» **THE TASK**
Among the entries that follow, locate the line with "바드는 현재 기본 답변으로" and the line with "2021年先进集体手术室护理". Output those lines and all lines in between, exactly, minus the pictures.

» **EXTRACTED DATA**
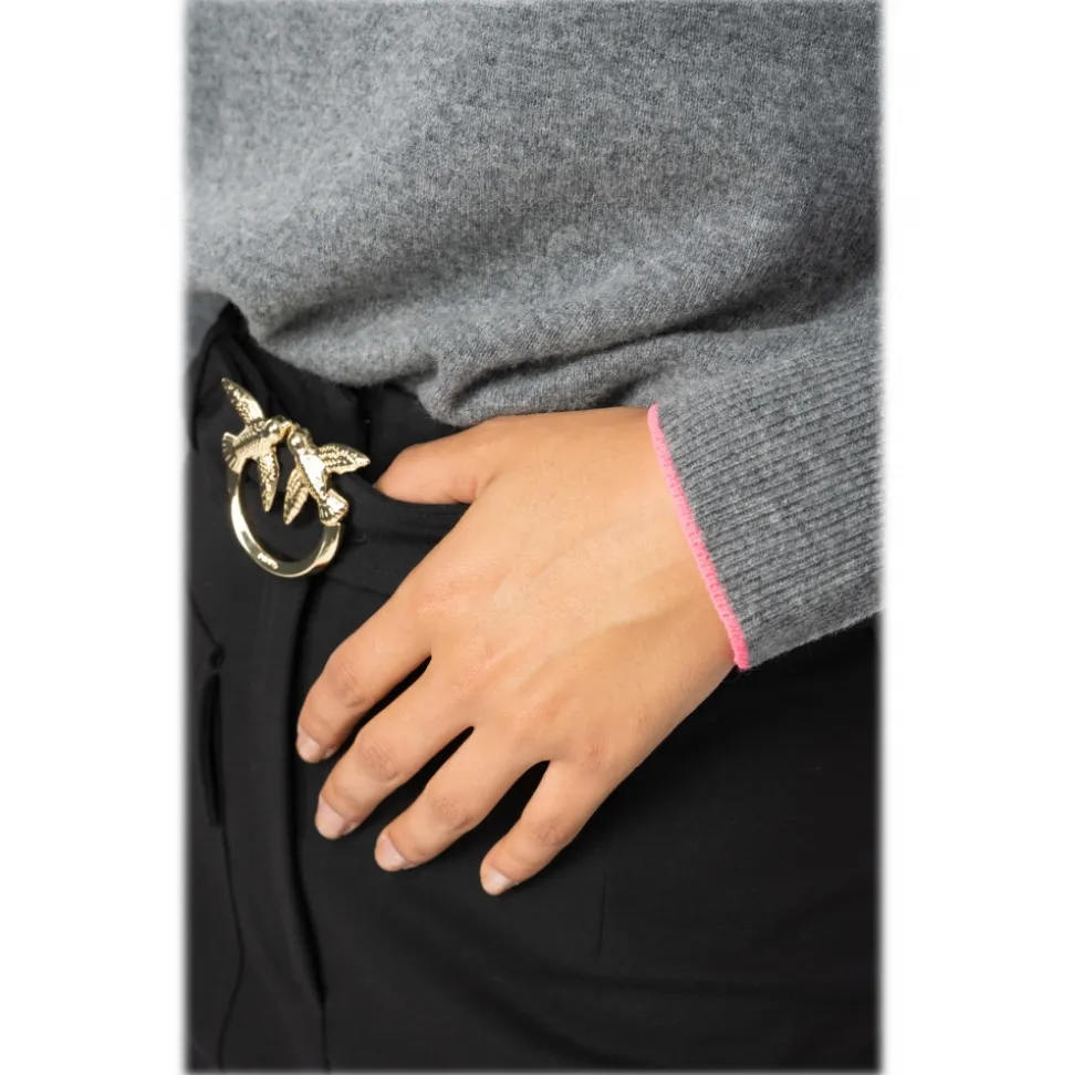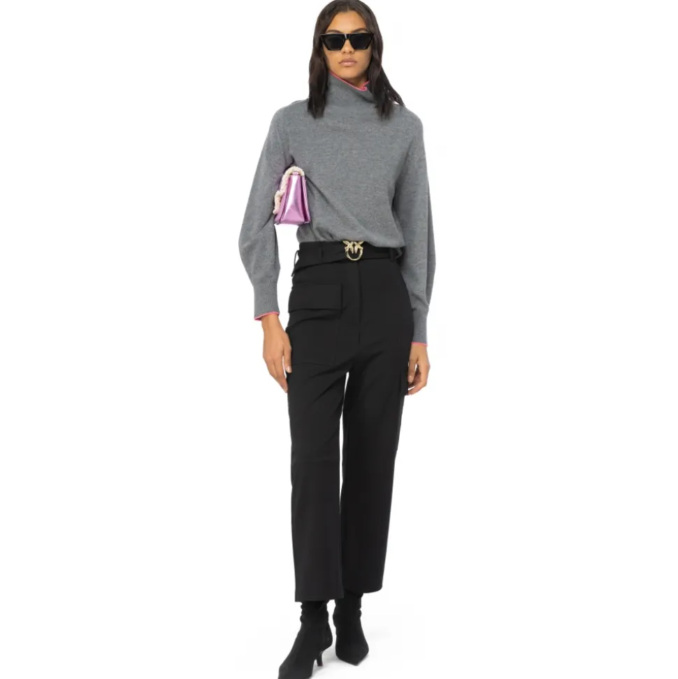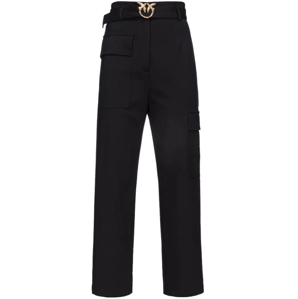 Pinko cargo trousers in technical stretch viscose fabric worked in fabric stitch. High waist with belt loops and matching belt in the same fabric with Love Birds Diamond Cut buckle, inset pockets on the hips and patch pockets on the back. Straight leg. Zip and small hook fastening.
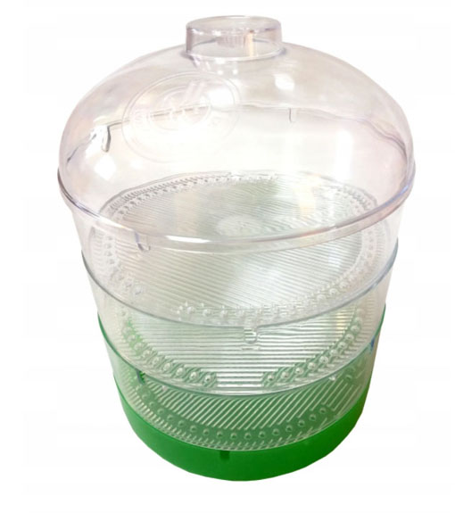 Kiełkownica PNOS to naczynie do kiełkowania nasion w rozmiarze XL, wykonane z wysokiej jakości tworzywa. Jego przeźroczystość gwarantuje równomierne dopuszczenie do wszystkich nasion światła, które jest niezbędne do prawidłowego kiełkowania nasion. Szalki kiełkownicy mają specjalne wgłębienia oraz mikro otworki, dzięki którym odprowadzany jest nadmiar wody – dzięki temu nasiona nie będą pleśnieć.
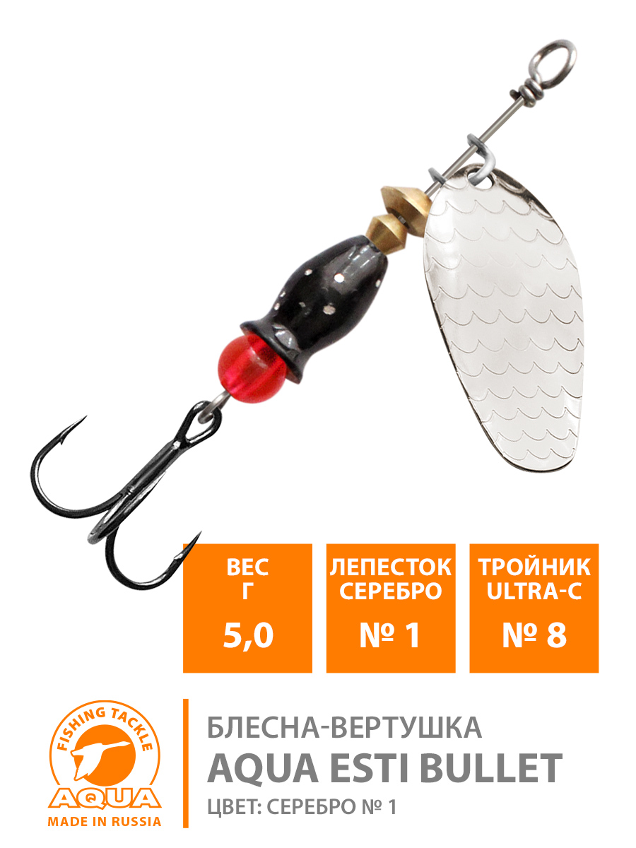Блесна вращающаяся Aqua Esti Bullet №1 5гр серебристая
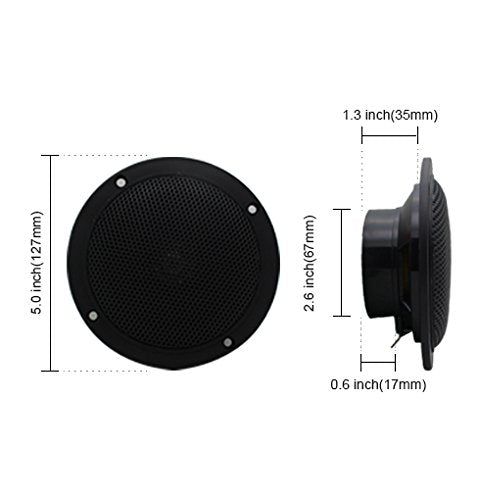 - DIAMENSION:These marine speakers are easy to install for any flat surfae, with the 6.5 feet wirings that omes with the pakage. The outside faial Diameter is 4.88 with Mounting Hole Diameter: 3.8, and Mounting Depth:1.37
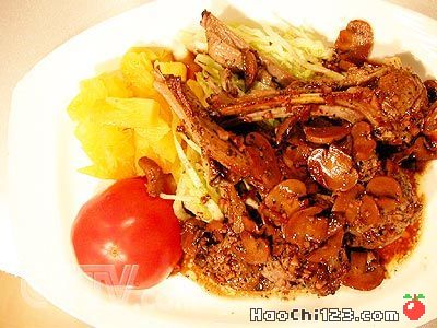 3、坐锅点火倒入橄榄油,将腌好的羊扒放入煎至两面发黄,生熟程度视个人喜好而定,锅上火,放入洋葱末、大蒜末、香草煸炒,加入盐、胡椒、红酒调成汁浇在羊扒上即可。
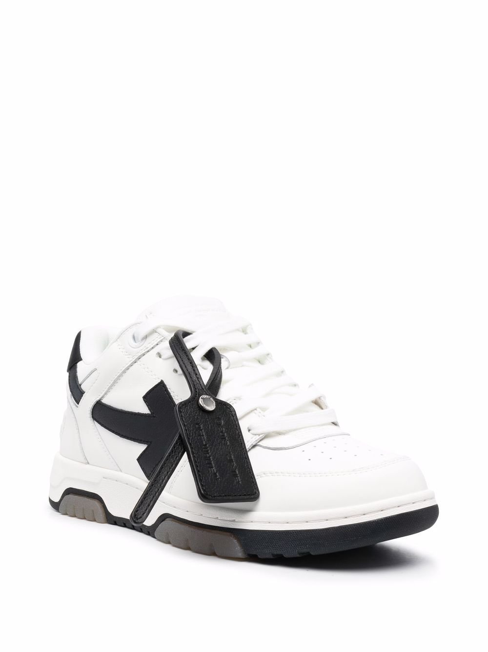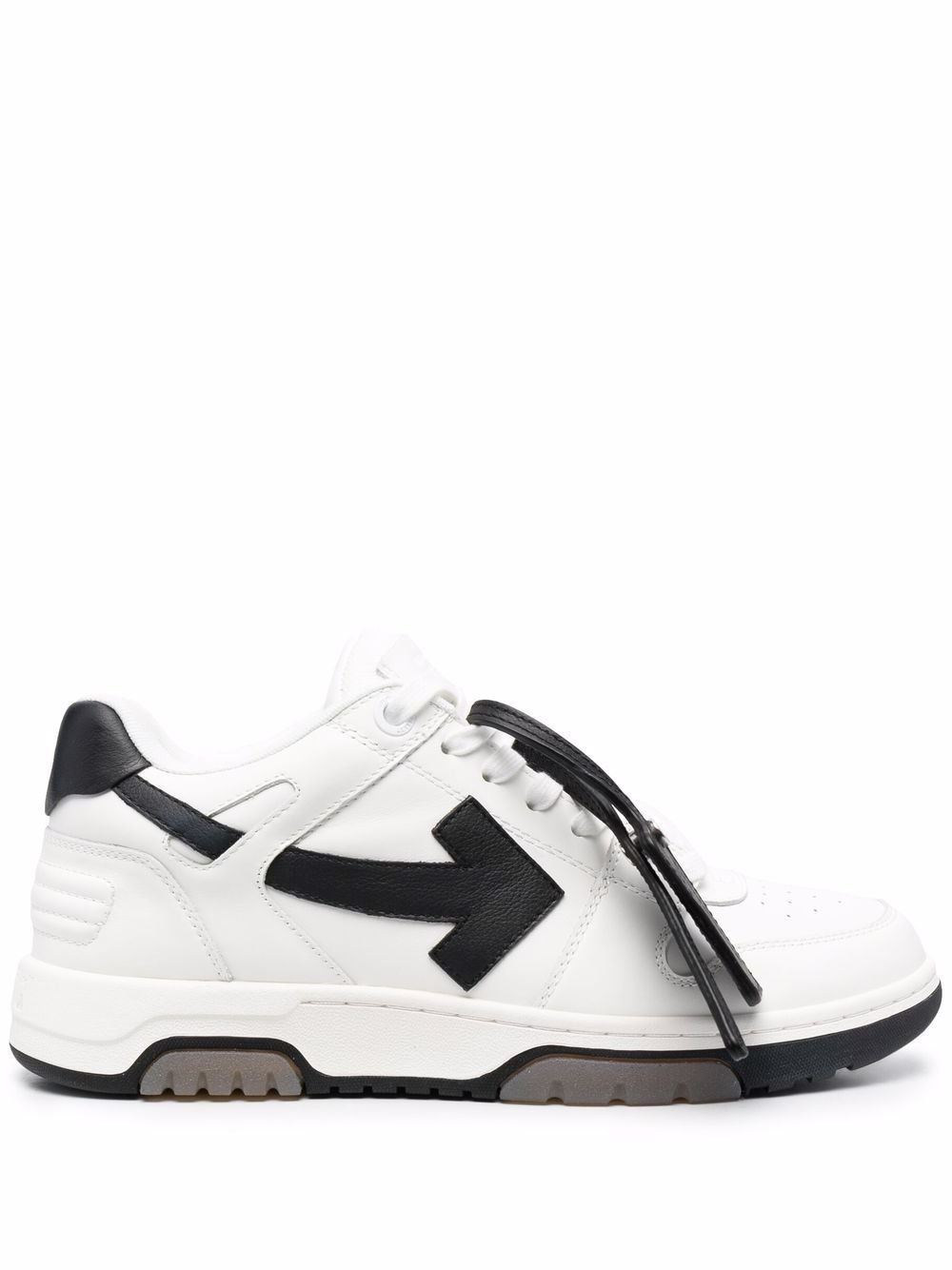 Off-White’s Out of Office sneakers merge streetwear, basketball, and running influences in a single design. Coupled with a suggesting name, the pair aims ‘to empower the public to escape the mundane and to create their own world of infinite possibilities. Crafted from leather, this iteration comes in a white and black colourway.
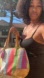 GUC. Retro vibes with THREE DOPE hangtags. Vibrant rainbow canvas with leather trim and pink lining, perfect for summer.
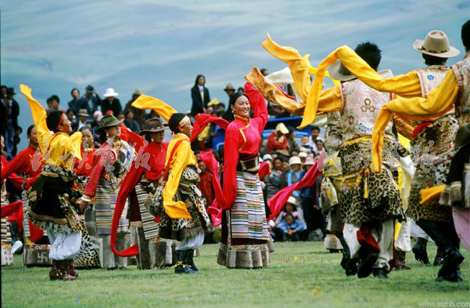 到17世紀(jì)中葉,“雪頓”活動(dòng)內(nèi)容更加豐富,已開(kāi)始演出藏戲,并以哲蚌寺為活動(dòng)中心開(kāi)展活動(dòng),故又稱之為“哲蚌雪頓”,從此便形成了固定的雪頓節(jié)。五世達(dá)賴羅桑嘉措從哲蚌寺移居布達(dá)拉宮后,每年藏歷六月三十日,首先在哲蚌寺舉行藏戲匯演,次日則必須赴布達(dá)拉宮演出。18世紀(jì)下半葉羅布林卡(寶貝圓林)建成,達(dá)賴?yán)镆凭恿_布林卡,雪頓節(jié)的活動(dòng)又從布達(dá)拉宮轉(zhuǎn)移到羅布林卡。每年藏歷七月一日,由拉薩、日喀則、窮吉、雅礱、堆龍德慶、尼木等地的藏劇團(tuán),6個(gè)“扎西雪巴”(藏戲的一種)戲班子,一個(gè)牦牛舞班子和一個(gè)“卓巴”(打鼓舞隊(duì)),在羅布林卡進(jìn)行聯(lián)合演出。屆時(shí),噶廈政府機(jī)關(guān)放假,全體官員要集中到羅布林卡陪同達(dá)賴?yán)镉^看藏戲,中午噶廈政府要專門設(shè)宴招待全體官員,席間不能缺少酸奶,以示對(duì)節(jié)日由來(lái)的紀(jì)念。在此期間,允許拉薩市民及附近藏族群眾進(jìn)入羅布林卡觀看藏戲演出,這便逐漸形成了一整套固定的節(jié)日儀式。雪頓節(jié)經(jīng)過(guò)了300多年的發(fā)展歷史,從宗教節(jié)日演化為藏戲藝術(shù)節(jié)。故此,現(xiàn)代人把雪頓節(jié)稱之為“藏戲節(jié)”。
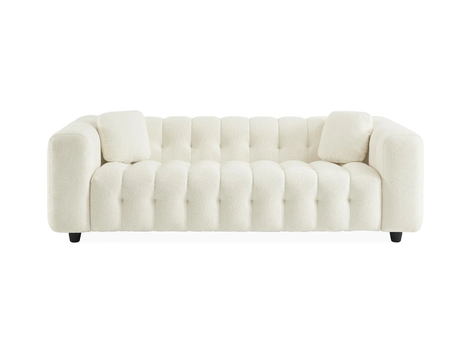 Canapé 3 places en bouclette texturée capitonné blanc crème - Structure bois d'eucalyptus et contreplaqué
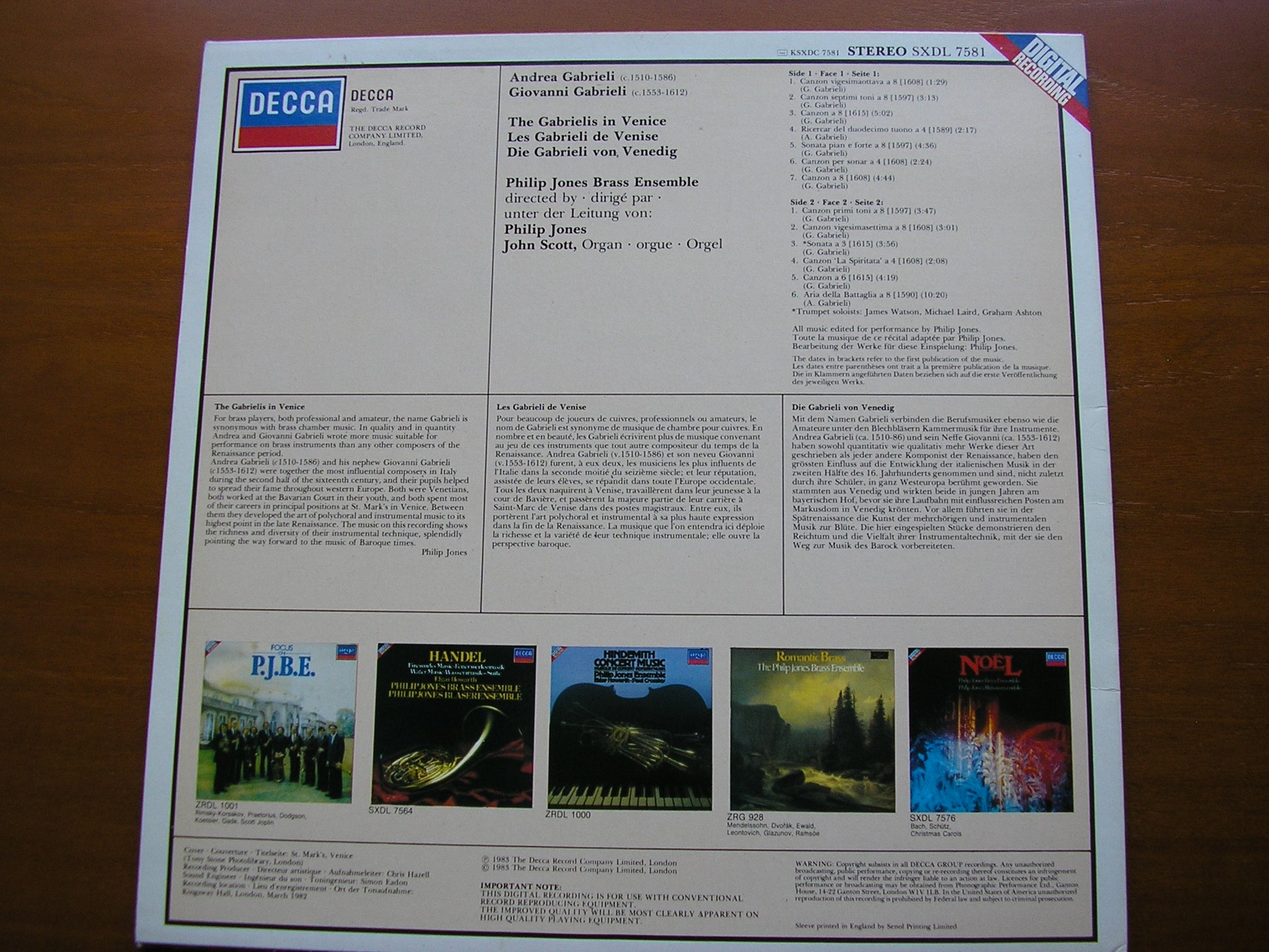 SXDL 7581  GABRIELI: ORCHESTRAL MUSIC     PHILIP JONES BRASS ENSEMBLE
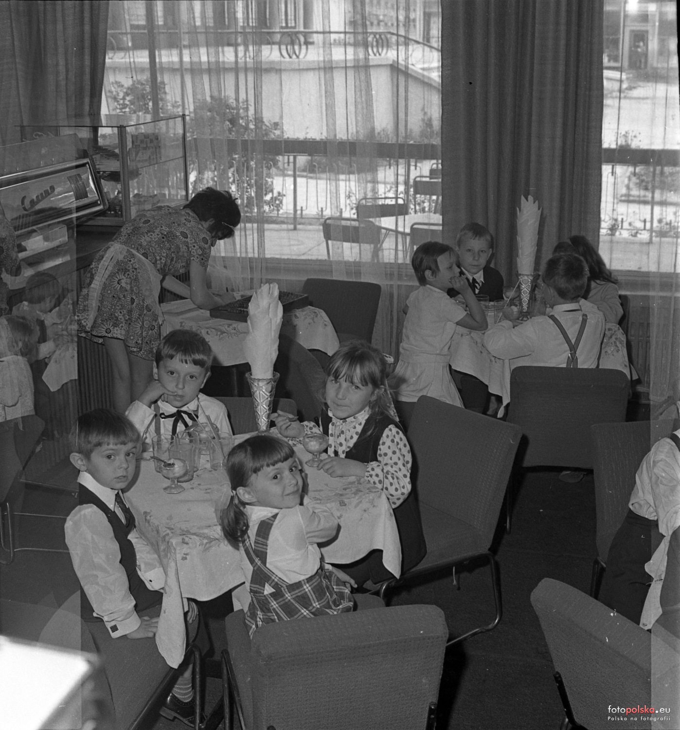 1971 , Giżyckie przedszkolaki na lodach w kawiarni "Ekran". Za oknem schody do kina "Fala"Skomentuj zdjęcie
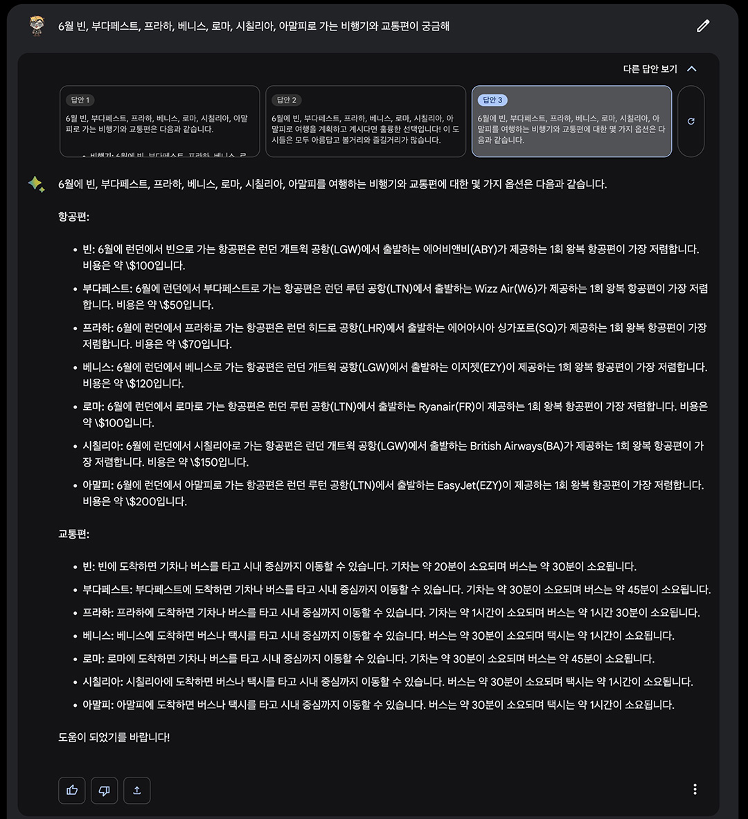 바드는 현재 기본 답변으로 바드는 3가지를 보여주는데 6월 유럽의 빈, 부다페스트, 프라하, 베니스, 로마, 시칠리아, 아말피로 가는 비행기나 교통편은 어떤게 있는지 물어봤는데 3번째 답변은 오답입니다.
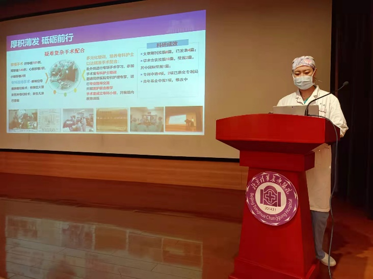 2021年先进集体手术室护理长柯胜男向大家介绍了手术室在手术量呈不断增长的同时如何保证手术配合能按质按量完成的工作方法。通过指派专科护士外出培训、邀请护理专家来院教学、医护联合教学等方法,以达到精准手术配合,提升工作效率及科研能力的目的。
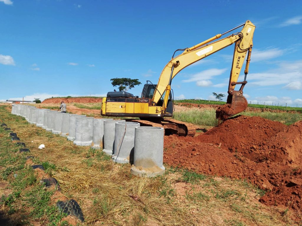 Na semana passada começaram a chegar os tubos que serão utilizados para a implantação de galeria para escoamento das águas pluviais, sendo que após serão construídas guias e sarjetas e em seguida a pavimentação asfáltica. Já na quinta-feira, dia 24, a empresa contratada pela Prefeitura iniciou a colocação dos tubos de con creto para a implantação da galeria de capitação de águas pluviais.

» **ANSWER BOX**
 바드는 현재 기본 답변으로 바드는 3가지를 보여주는데 6월 유럽의 빈, 부다페스트, 프라하, 베니스, 로마, 시칠리아, 아말피로 가는 비행기나 교통편은 어떤게 있는지 물어봤는데 3번째 답변은 오답입니다.
 2021年先进集体手术室护理长柯胜男向大家介绍了手术室在手术量呈不断增长的同时如何保证手术配合能按质按量完成的工作方法。通过指派专科护士外出培训、邀请护理专家来院教学、医护联合教学等方法,以达到精准手术配合,提升工作效率及科研能力的目的。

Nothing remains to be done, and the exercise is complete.